__What to produce__: As soon as the line containing "Solved 17. Determine" appears, start repeating lines exactly and continue to the end of the entries; please skip pictures.

╭──

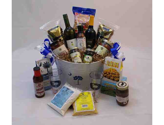 This is a wonderful basket from Uptown Gifts full of great items including: beverage tub with palmetto, Columbia-made adluh grits & biscuit mix, slatterin sauce, butter roasted pecans, chocolate covered pecans, Carolina Creole sauce, American classic tea, iron brew coffee – a Carolina classic, five pepper salsa, black bean dip, Buffa's cheese biscuits, State Street caramel corn, Mother Shucker's cocktail sauce, Sallie's greatest blackberry spice sage jam, pecan pepper jelly, Hess
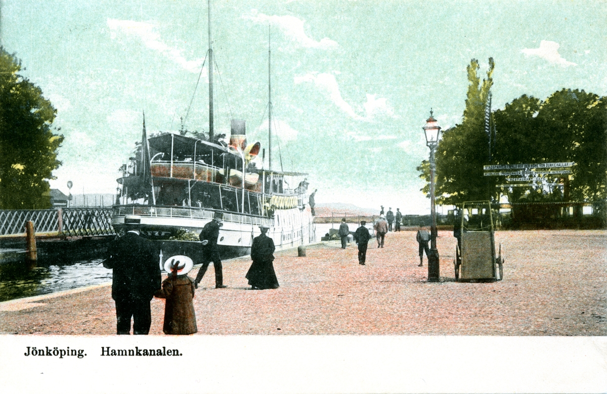 Ångbåten Motala express passerar i Jönköpings hamnkanal mellan Munksjön och Vättern.
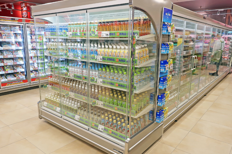 ヤオコーでは初めての取り組みとして、ペットボトル飲料を扉付きのリーチインクーラーに陳列した。
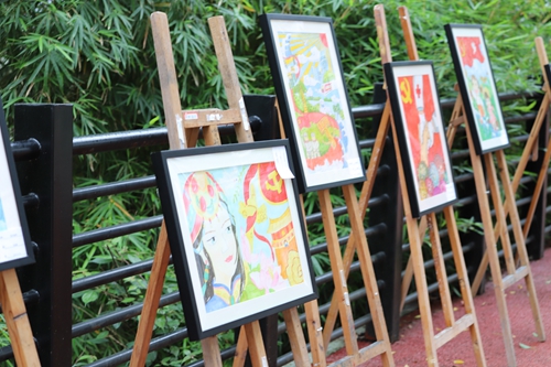 学前教育学院在行知大道举办“百年征程铸辉煌,砥砺前行绘新篇”优秀绘画作品展,100幅生动绚丽的泼墨水彩,展示了党的百年历程,再现了新时代灿烂华章。
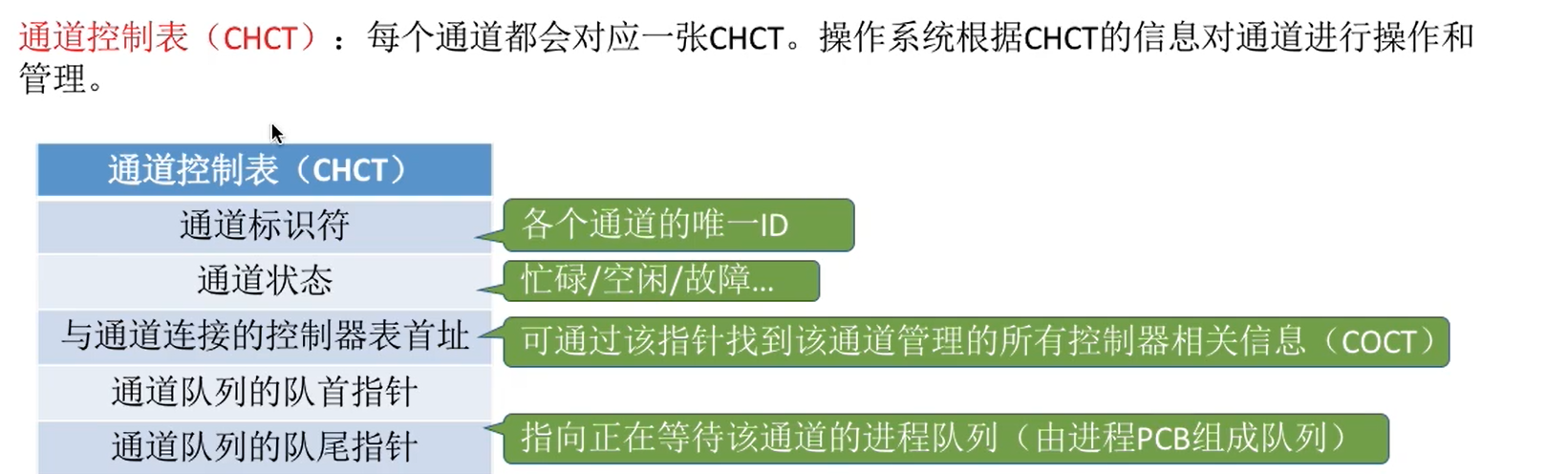 - 根据 COCT 找到 CHCT,空闲就分配,不空闲就等待。
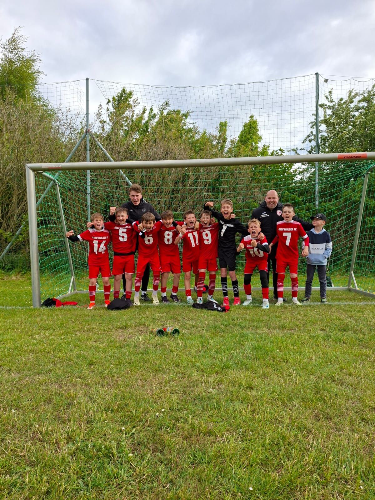 Unsere U11 brauchte in der vorletzten Woche noch zwei Siege und mindestens sieben Treffer, um sich den Staffelsieg in der Kreisliga zu sichern. Nachdem das Team von Jonas Huschka-Kössler bereits am vorletzten Mittwoch mit einem 15:0 gegen unsere D-Juniorinnen den Part mit den Toren erledigt hatte, fehlte somit nur noch ein weiterer Sieg am letzten Freitag gegen Fortuna Neuenkirchen. Hier ging die Mannschaft auch recht schnell in Führung, kassierte aber nur wenig später den Ausgleich. Schockstarre und wackelige Beine? Fehlanzeige. Die Jungs spielten ihren Stiefel runter, blieben ruhig und souverän und konnten durch eine starke Leistung insbesondere von Lennard Zeisset und Jaron Kampf die Partie souverän ins Ziel bringen. Am Ende sollte hier ein 15:1 auf dem Papier stehen, das den Staffelsieg endgültig klar machte. Außerdem stellte das Team mit 161 Treffern auch noch den besten Angriff und mit 15 Gegentoren die beste Defensive der Liga. Stark!
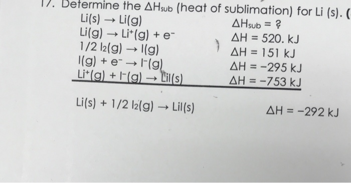 Solved 17. Determine the Hsub heat of sublimation for Li Very well made.
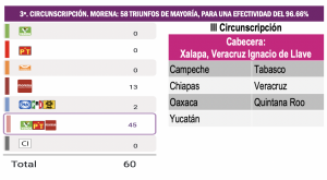 Hubo casos verdaderamente dramáticos en la elección de diputados federales de Mayoría Relativa, como ocurrió en la Tercera Circunscripción Electoral, donde la derrota de la oposición fue casi total, pues de 60 distritos de Mayoría Relativa la coalición PAN-PRI-PRD apenas ganó dos: el distrito 4, en Boca del Río, Veracruz, con María Josefina Gamboa Torales y el 4 de Mérida, Yucatán, con María Isabel Rodríguez Heredia. La coalición Morena-PT-PVEM ganó 58 de 60 curules de Mayoría Relativa, para un porcentaje de efectividad del 96.66 por ciento.
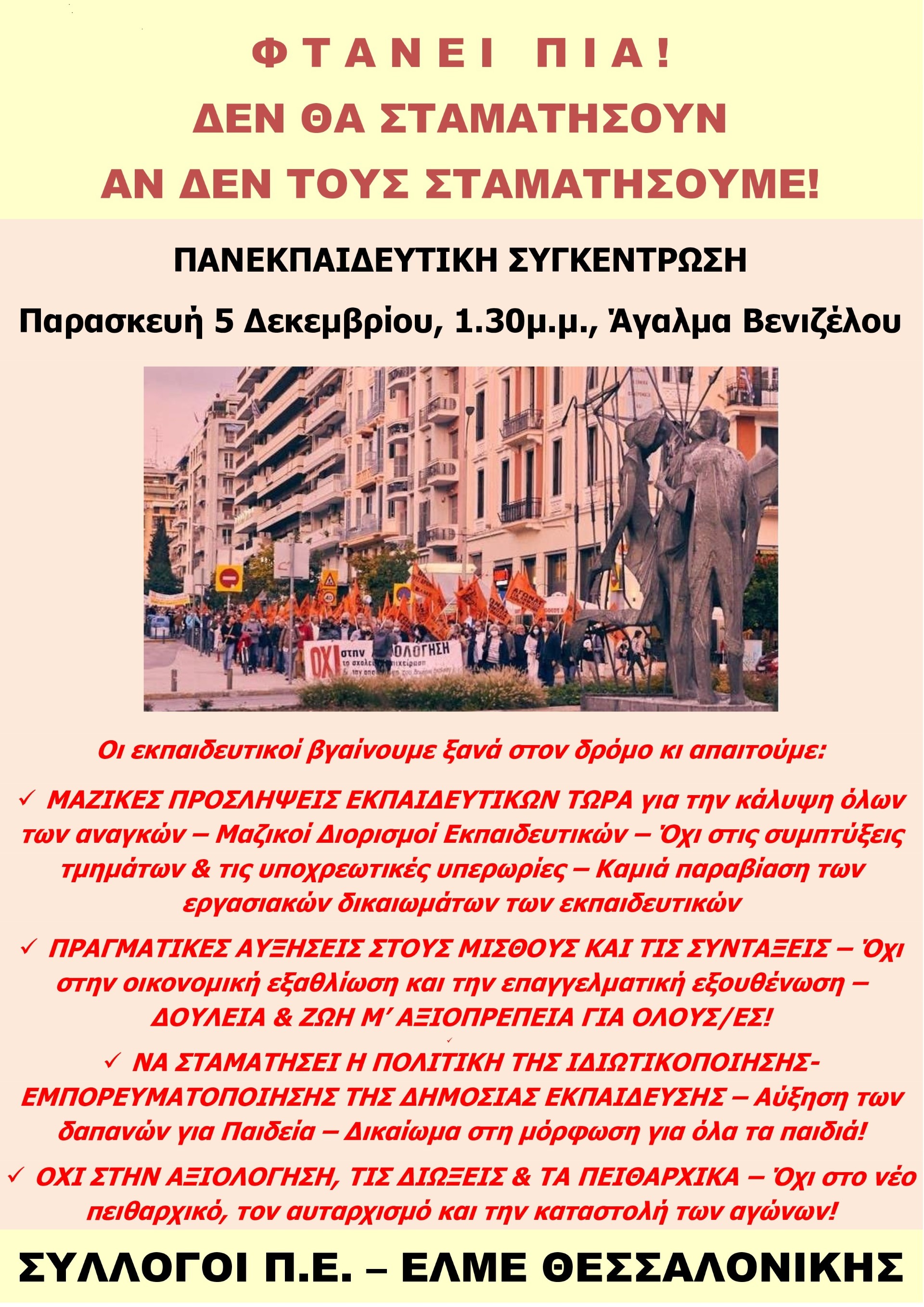 Εκπαιδευτικοί Θεσσαλονίκης: Πανεκπαιδευτική συγκέντρωση - Παρασκευή 5-12 - Άγαλμα Βενιζέλου

╰──

__Answer to this problem__:
 Solved 17. Determine the Hsub heat of sublimation for Li Very well made.
 Hubo casos verdaderamente dramáticos en la elección de diputados federales de Mayoría Relativa, como ocurrió en la Tercera Circunscripción Electoral, donde la derrota de la oposición fue casi total, pues de 60 distritos de Mayoría Relativa la coalición PAN-PRI-PRD apenas ganó dos: el distrito 4, en Boca del Río, Veracruz, con María Josefina Gamboa Torales y el 4 de Mérida, Yucatán, con María Isabel Rodríguez Heredia. La coalición Morena-PT-PVEM ganó 58 de 60 curules de Mayoría Relativa, para un porcentaje de efectividad del 96.66 por ciento.
 Εκπαιδευτικοί Θεσσαλονίκης: Πανεκπαιδευτική συγκέντρωση - Παρασκευή 5-12 - Άγαλμα Βενιζέλου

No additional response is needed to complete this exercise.